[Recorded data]
╔══

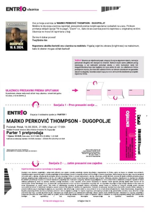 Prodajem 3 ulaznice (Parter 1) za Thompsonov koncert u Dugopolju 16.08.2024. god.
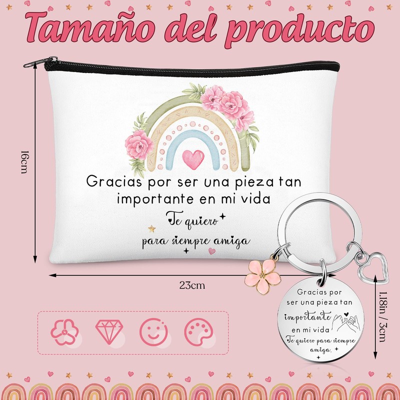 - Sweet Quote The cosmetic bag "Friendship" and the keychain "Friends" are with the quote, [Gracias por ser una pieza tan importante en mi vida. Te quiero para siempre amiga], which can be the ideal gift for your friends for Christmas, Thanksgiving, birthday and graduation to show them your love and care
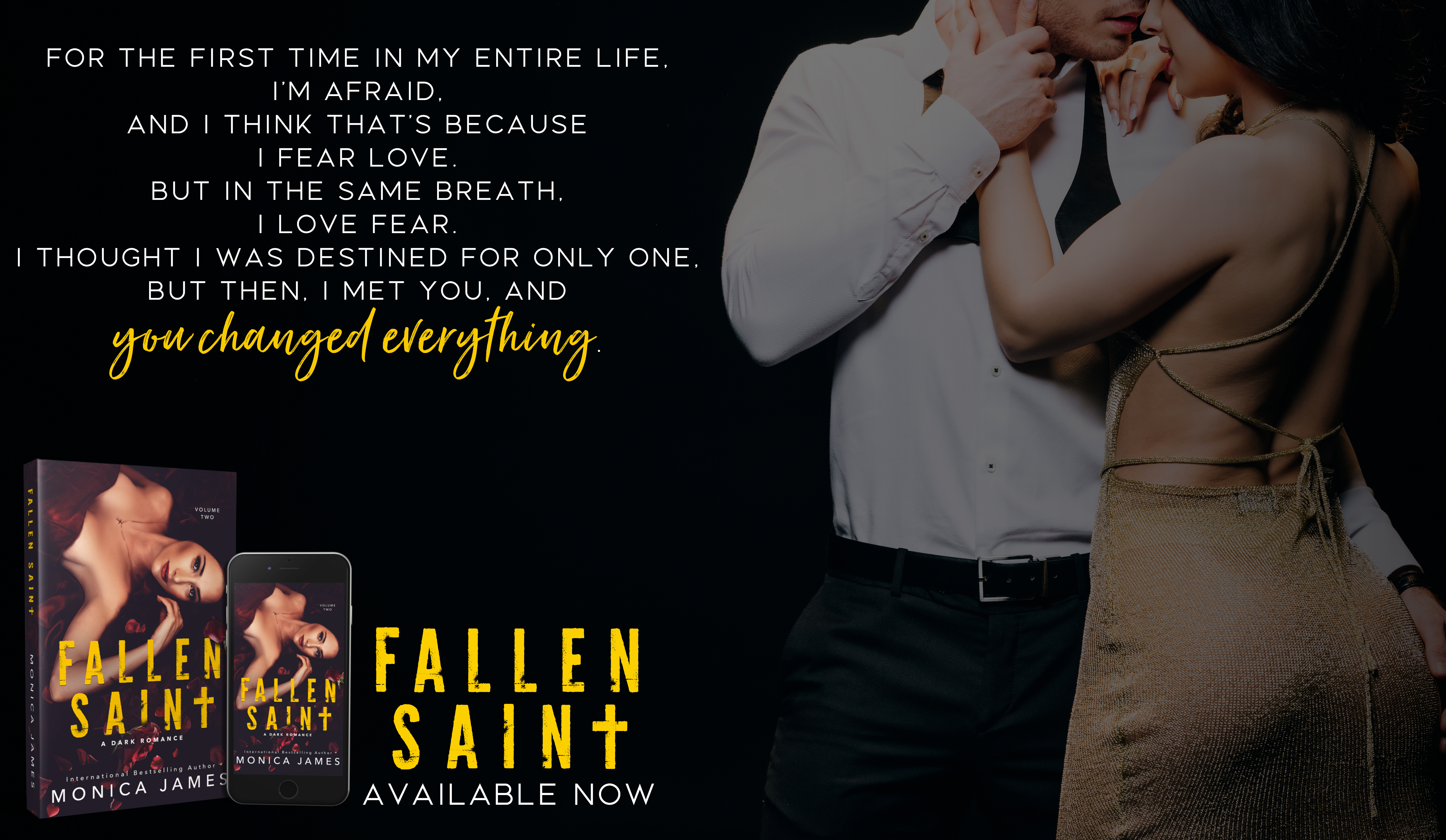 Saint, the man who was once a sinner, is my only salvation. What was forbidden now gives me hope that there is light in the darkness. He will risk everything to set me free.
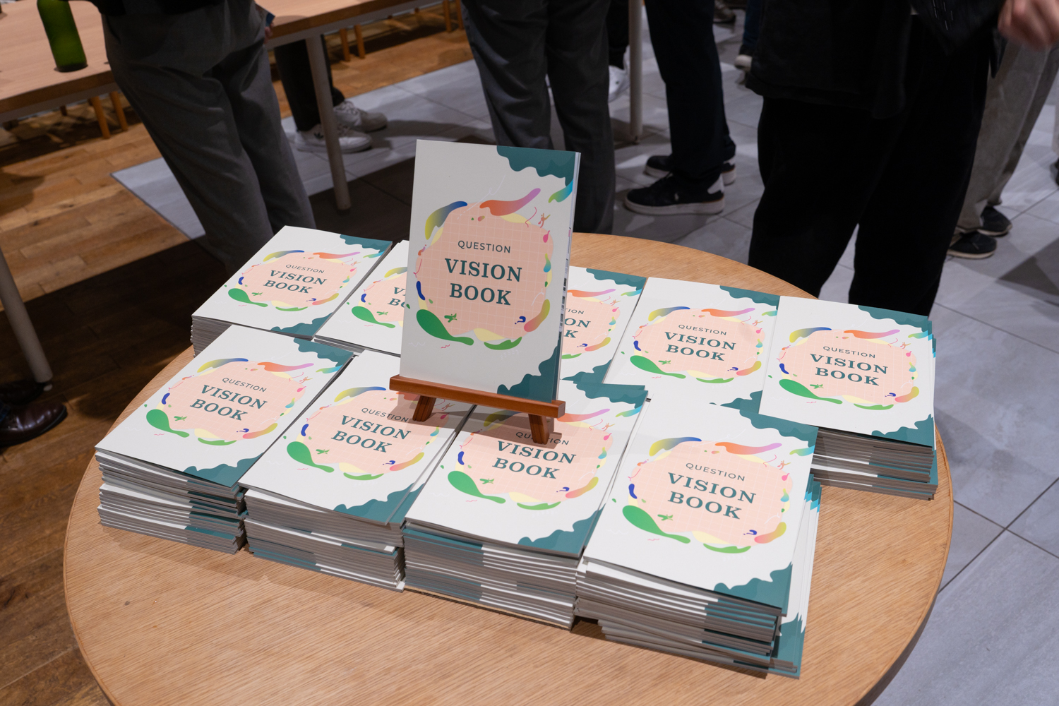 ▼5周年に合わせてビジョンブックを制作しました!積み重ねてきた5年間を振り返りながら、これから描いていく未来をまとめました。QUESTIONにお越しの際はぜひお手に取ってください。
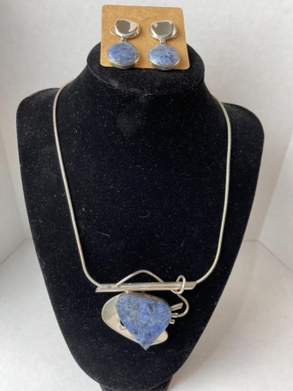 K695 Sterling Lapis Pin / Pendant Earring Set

╚══

▶ _What the task asks_
Word for word, restate the lines above from the first through the one that contains "Saint, the man", and exclude all pictures.

▶ _Worked solution_
 Prodajem 3 ulaznice (Parter 1) za Thompsonov koncert u Dugopolju 16.08.2024. god.
 - Sweet Quote The cosmetic bag "Friendship" and the keychain "Friends" are with the quote, [Gracias por ser una pieza tan importante en mi vida. Te quiero para siempre amiga], which can be the ideal gift for your friends for Christmas, Thanksgiving, birthday and graduation to show them your love and care
 Saint, the man who was once a sinner, is my only salvation. What was forbidden now gives me hope that there is light in the darkness. He will risk everything to set me free.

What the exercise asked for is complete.